### Information supplied
Start of Block
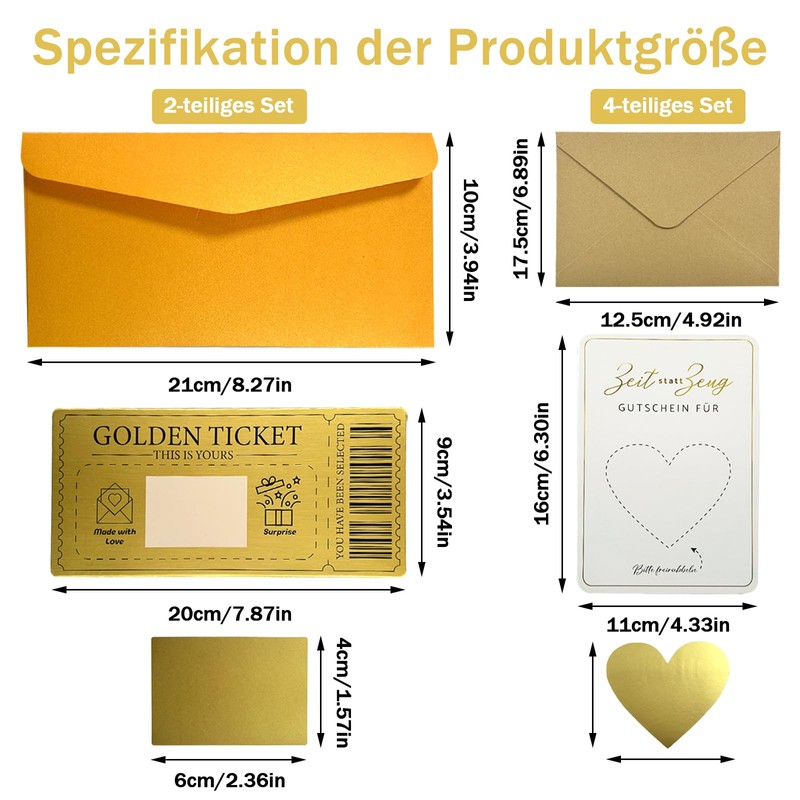 - EXCELLENT PACKAGING: The whole set of wunschgutschein envelopes is beautifully packaged with a premium appearance, and the text and pattern on the gold gift cards are gravure printing, which visually conveys a sense of hierarchy and three-dimensionality, making them ideal for use as gifts. Whether for friends or family, let the recipient feel the intention and surprise of the giver.
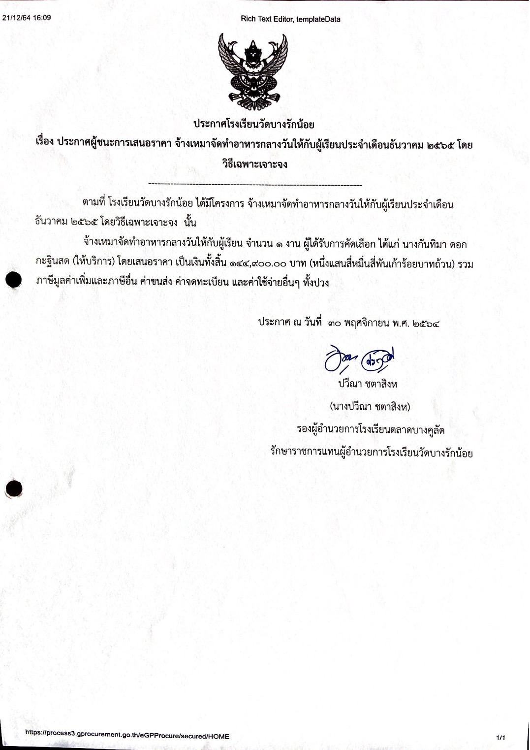 ประกาศผู้ชนะการเสนอราคา จ้างเหมาจัดทำอาหารกลางวันให้กับผู้เรียนประจำเดือนธันวาคม ๒๕๖๕ โดยวิธีเฉพาะเจาะจง
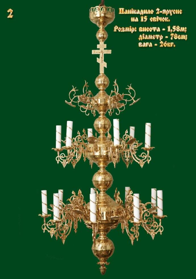 Панікадило ручної роботи, золотистого кольору, 2 двоярусні на 15 електричних ламп у вигляді свічок. За бажанням електричні лампочки можна замінити на свічники для свічок будь-якого діаметру.
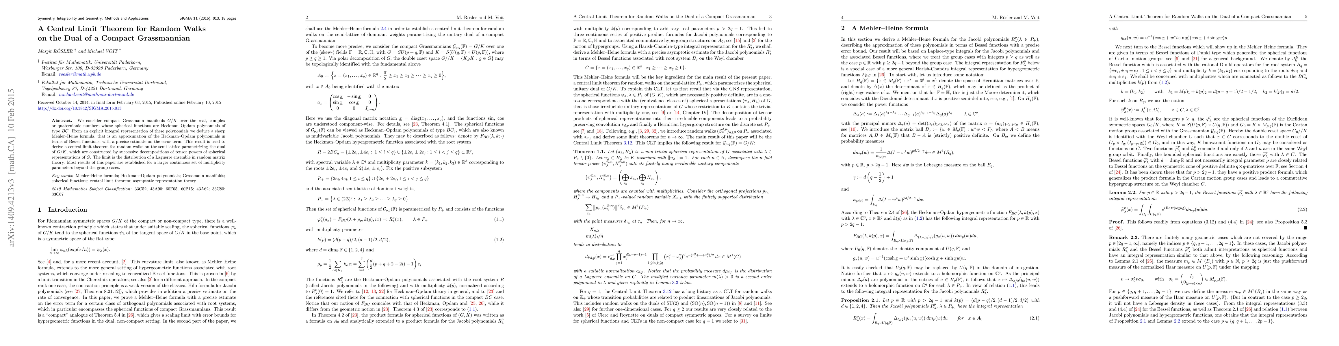 We consider compact Grassmann manifolds $G/K$ over the real, complex or quaternionic numbers whose spherical functions are Heckman-Opdam polynomials of type $BC$. From an explicit integral representation of these polynomials we deduce a sharp Mehler-Heine formula, that is an approximation of the Heckman-Opdam polynomials in terms of Bessel functions, with a precise estimate on the error term. This result is used to derive a central limit theorem for random walks on the semi-lattice parametrizing the dual of $G/K$, which are constructed by successive decompositions of tensor powers of spherical representations of $G$. The limit is the distribution of a Laguerre ensemble in random matrix theory. Most results of this paper are established for a larger continuous set of multiplicity parameters beyond the group cases.
End of Block
### Task description
The data needs to be reproduced exactly, please, apart from its pictures.

### Reply to the exercise
 - EXCELLENT PACKAGING: The whole set of wunschgutschein envelopes is beautifully packaged with a premium appearance, and the text and pattern on the gold gift cards are gravure printing, which visually conveys a sense of hierarchy and three-dimensionality, making them ideal for use as gifts. Whether for friends or family, let the recipient feel the intention and surprise of the giver.
 ประกาศผู้ชนะการเสนอราคา จ้างเหมาจัดทำอาหารกลางวันให้กับผู้เรียนประจำเดือนธันวาคม ๒๕๖๕ โดยวิธีเฉพาะเจาะจง
 Панікадило ручної роботи, золотистого кольору, 2 двоярусні на 15 електричних ламп у вигляді свічок. За бажанням електричні лампочки можна замінити на свічники для свічок будь-якого діаметру.
 We consider compact Grassmann manifolds $G/K$ over the real, complex or quaternionic numbers whose spherical functions are Heckman-Opdam polynomials of type $BC$. From an explicit integral representation of these polynomials we deduce a sharp Mehler-Heine formula, that is an approximation of the Heckman-Opdam polynomials in terms of Bessel functions, with a precise estimate on the error term. This result is used to derive a central limit theorem for random walks on the semi-lattice parametrizing the dual of $G/K$, which are constructed by successive decompositions of tensor powers of spherical representations of $G$. The limit is the distribution of a Laguerre ensemble in random matrix theory. Most results of this paper are established for a larger continuous set of multiplicity parameters beyond the group cases.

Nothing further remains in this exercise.